2. Commission Guidance

The Commission interprets section 4c(a)(5)(A) as prohibiting any

person from buying a contract at a price that is

[[Page 14946]]

higher than the lowest available offer price and/or selling a contract

at a price that is lower than the highest available bid price. Such

conduct, regardless of intent, disrupts the normal forces of supply and

demand that are the foundation of fair and equitable trading. This

proposed interpretive order is consistent with exchange rules that

prohibit the violation of bids and offers.\35\ Notably, Congress did

not include an intent requirement in section 4c(a)(5)(A) as it did in

both sections 4c(a)(5)(B) and (C). Accordingly, the Commission

interprets section 4c(a)(5)(A) as a per se offense, that is, the

Commission is not required to show that a person violating bids or

offers did so with any intent to disrupt fair and equitable trading.

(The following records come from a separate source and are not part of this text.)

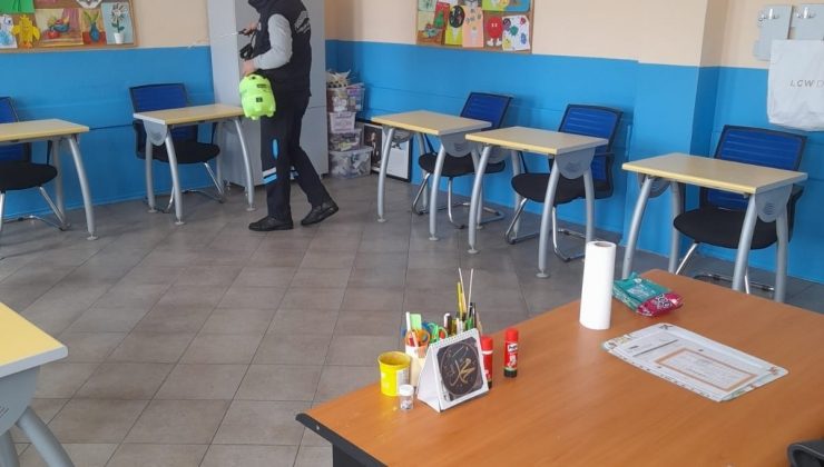 Çevre Koruma ve Kontrol Müdürlüğünce gerçekleştirilen dezenfekte çalışmalarında; derslikler, giriş kapıları, lavabolar, kapı kolları, koridorlar, idari binalar, sosyal alanlar, kafeteryalar, salonlar, eğitim materyalleri ve oyun alanları özenle dezenfekte edilerek steril hale getirildi.
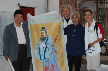 爷爷的画很拙朴,如同老人自己。在翻到孔夫子像时,我提议说,让我们这些做教育的后人跟教育事业的开山鼻祖合影留念。照完相,老人热情地说,你要是喜欢,就把这幅画带走吧。老人的慷慨让我们很感激,但志愿者个人是不能接受赠礼的。我斟酌了一下这幅画的价值,如果可以把这幅画放到仁爱助学组的办公室,倒别有一番意义呢!于是我们感谢老人的馈赠,建议老人改把这幅孔圣人的画像赠给基金会,如此善缘也就更为圆满些。
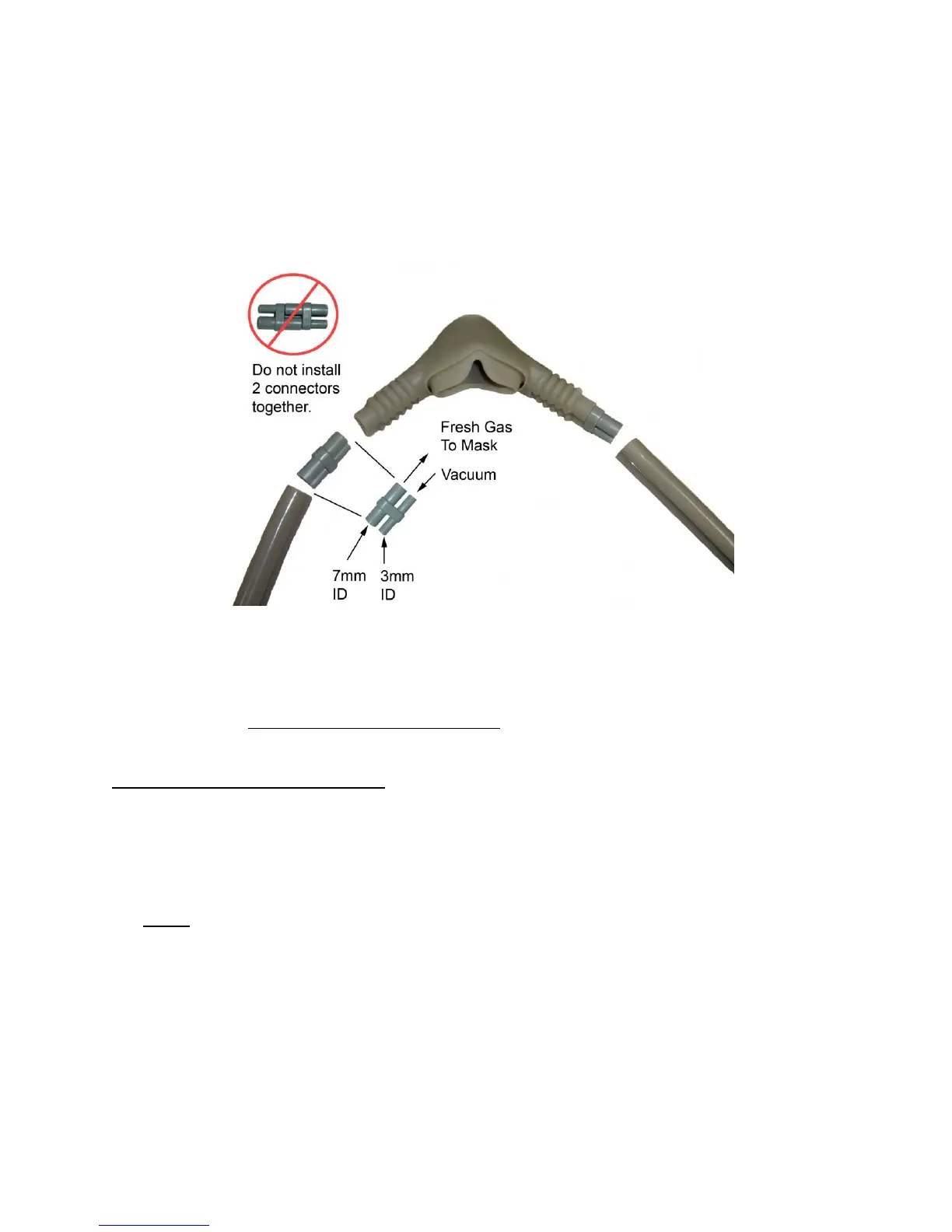 connector, fresh gas / coaxial tubing, a corrugated hose and hood assembly. Attach the nasal
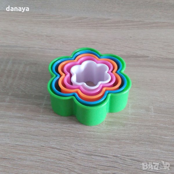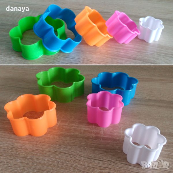 Пластмасови форми за рязане на тесто и оформяне на дребни сладки курабии, меденки, бисквити. Формичките са в комплект от 5 броя с форма на цвете, като всички са с различен размер и цвят.
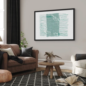 Plakat i sort ramme - En minimalistisk komposition af linjer og teksturer i grønne nuancer. - 50x70cm - Marin abstraktion - Moderne vægdekoration til stue og soveværelse ARTTOR
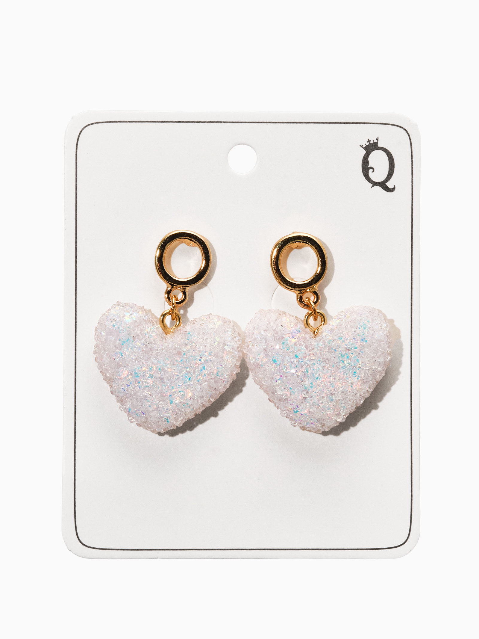Серьги "Сердце сахарное", белые в золоте, 2.8x3.5x1 см., QF, Китай
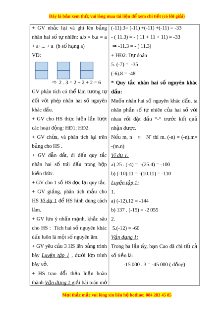 ế m, n ∈ N* thì m. (-n) = (-n).m= b ng cho H ả S . -(m.n) + GV d n ẫ d t ắ , đi đ n ế quy t c ắ Ví d 1: ụ nhân hai số trái d u ấ trong h p ộ a) 25 . (-4) = -(25.4) = -100 ki n t ế h c. ứ b) (-10).11 = -(10.11) = -110 + GV cho 1 s H ố S đ c l ọ i ạ quy t c. ắ Luy n t ệ p 1: ậ + GV gi ng, ả phân tích m u ẫ cho 1.
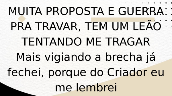 - MUITA PROPOSTA E GUERRA PRA TRAVAR, TEM UM LEÃO TENTANDO ME TRAGARMais vigiando a brecha já fechei, porque do Criador eu me lembrei
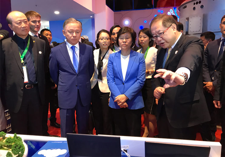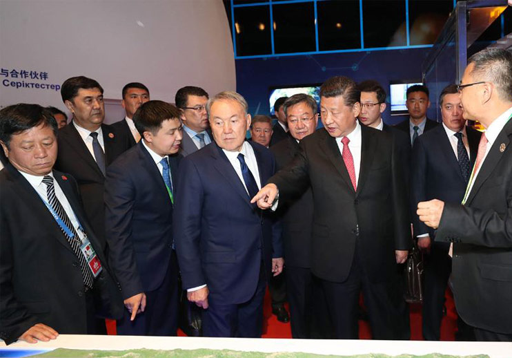 中國國家主席習(xí)近平同哈薩克斯坦總統(tǒng)一道參觀阿斯塔世博會中國館
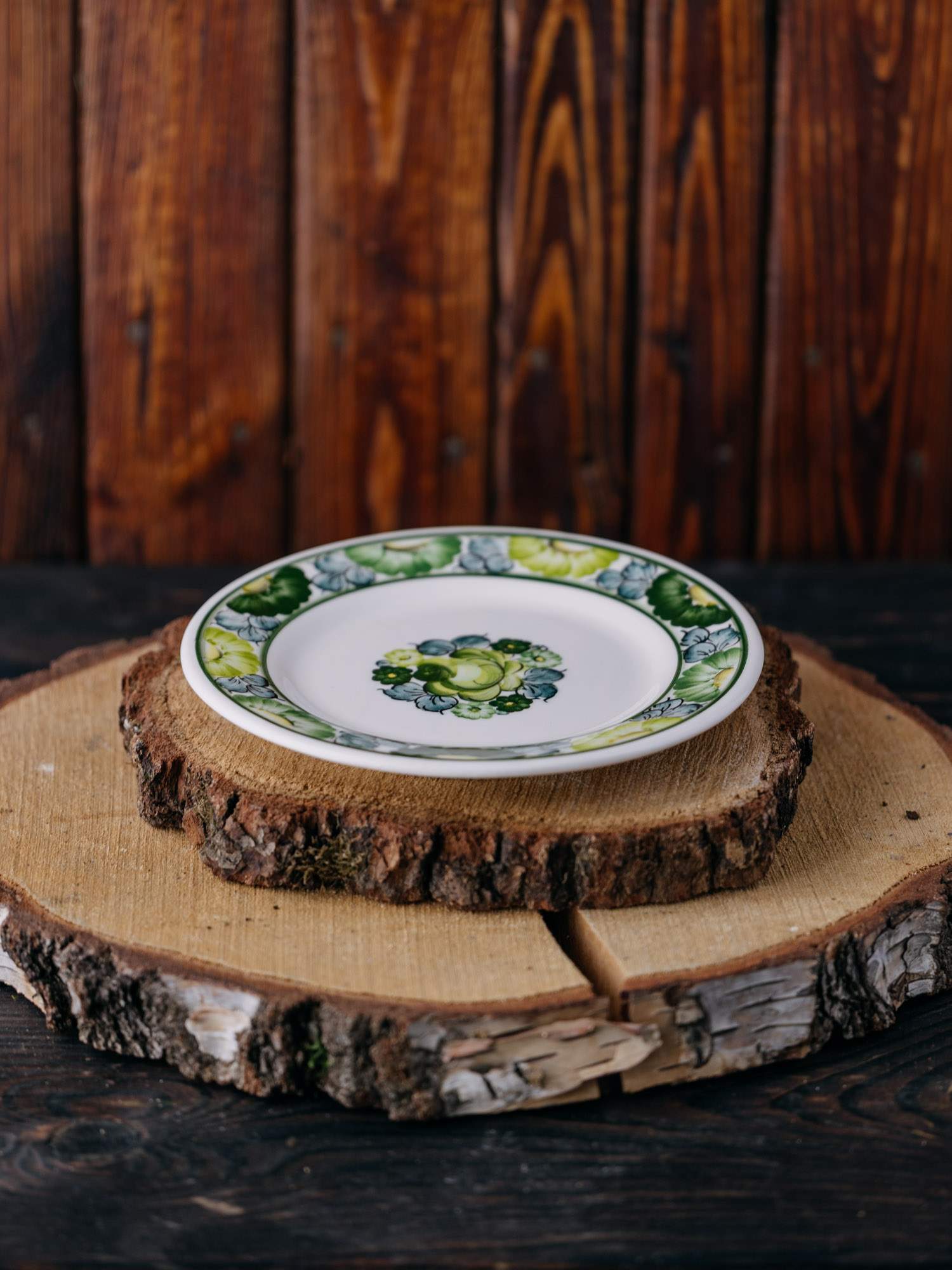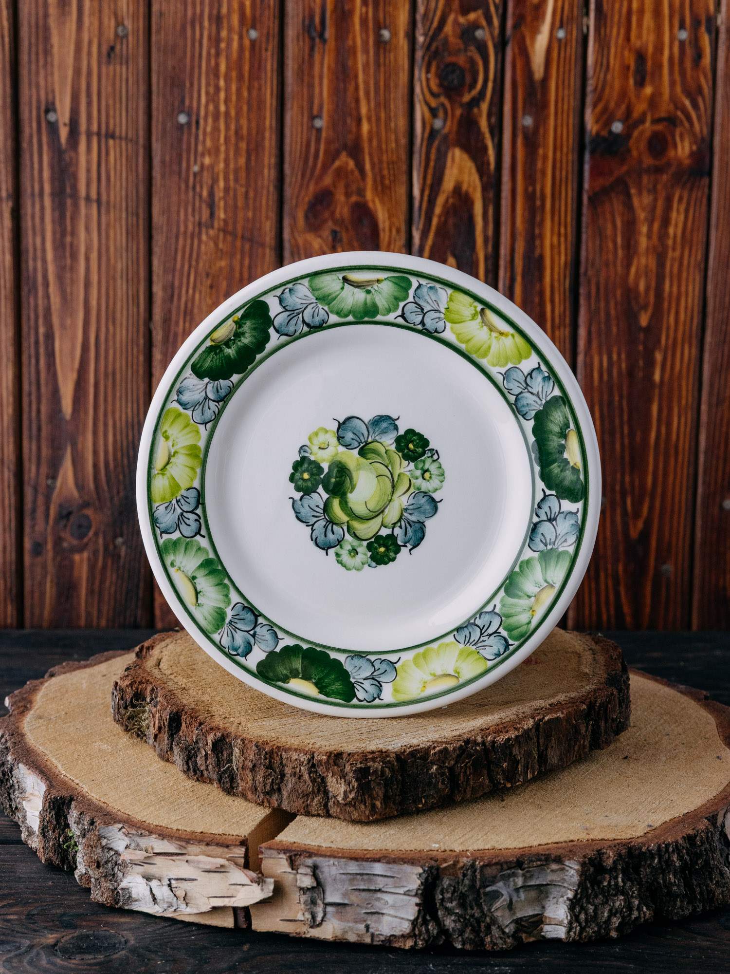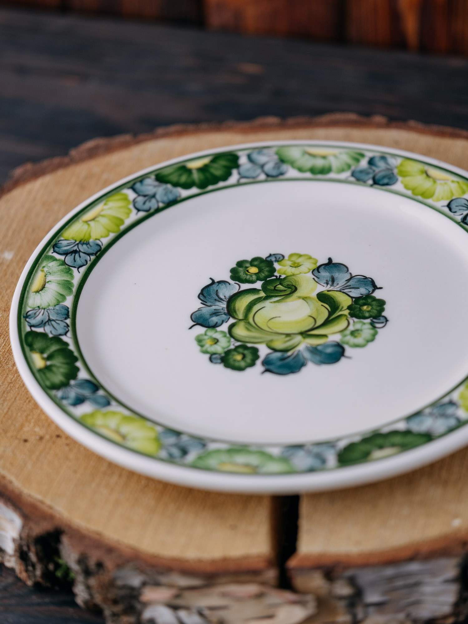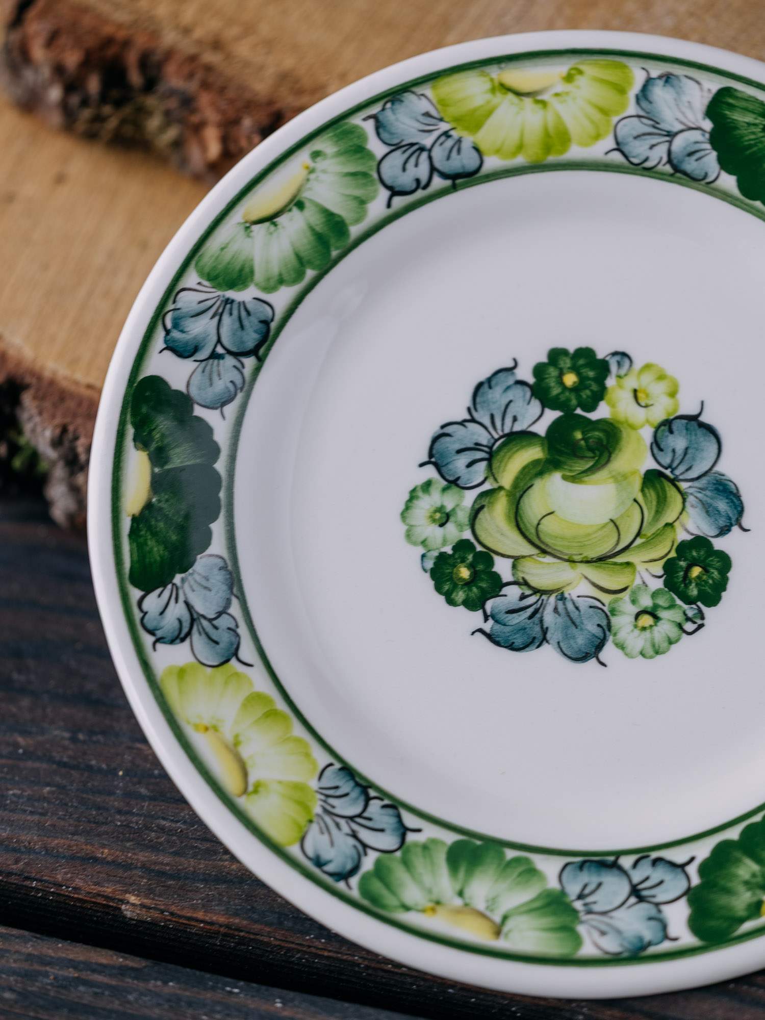 Mały płaski talerz z Fajansu Włocławek, z ręcznie malowanym zielonym wzorem kwiatów . Solidne wykonanie zapewnia trwałość, a subtelne zdobienia dodają mu uroku. Doskonały zarówno do codziennego użytku, jak i na specjalne okazje, wprowadzając odrobinę klasy do każdej zastawy.

---------------------------------------------------------------------------

\35\ See, e.g., New York Mercantile Exchange Rule 514.A.3;

Minneapolis Grain Exchange Rule 731.00.

---------------------------------------------------------------------------

The Commission agrees that section 4c(a)(5)(A) does not apply where

a person is unable to violate a bid or offer--i.e. when a person is

utilizing an electronic trading system where algorithms automatically

match the best bid and offer.\36\ Section 4c(a)(5)(A) will operate in

any trading environment where a person exercises some control over the

selection of the bids or offers against which they transact, including

in an automated trading system which operates without pre-determined

matching algorithms. The Commission recognizes that at any particular

time the bid-ask spread in one trading environment may differ from the

bid-ask spread in another trading environment. Accordingly, in the view

of the Commission, section 4c(a)(5)(A) does not create any sort of best

execution standard across multiple trading platforms and markets;

rather, a person's obligation to not violate bids or offers is confined

to the specific trading venue which he or she is utilizing at a

particular time. Finally, section 4c(a)(5)(A) does not apply where an

individual is ``buying the board''--that is, executing a sequences of

trades to buy all available bids or offers on that order book in

accordance with the rules of the facility on which the trades were

executed.

---------------------------------------------------------------------------

\36\ See, e.g., CME Group at 4 (``Order matching algorithms on

electronic platforms preclude bids and offers from being

violated.'').

---------------------------------------------------------------------------

ii. Orderly Execution of Transactions During the Closing Period

1. Comments From ANPR and Roundtable

Roundtable panelists expressed the view that additional clarity was

needed for the definitions incorporated in section 747(B), in

particular, terms such as ``closing period.'' \37\ Commenters also

requested clarification on the definition of closing period and

requested Commission guidance on whether the prohibition on disorderly

execution of transactions extends to conduct occurring outside the

closing period.\38\ More specifically, some commenters requested that

the prohibitions in section 747(B) be limited to manipulative conduct

such as ``banging'' or ``marking the close.'' \39\

---------------------------------------------------------------------------

\37\ See, e.g., Greg Mocek at 173 (``It's easy to define the

term `closing period' presumably in a designated contract market.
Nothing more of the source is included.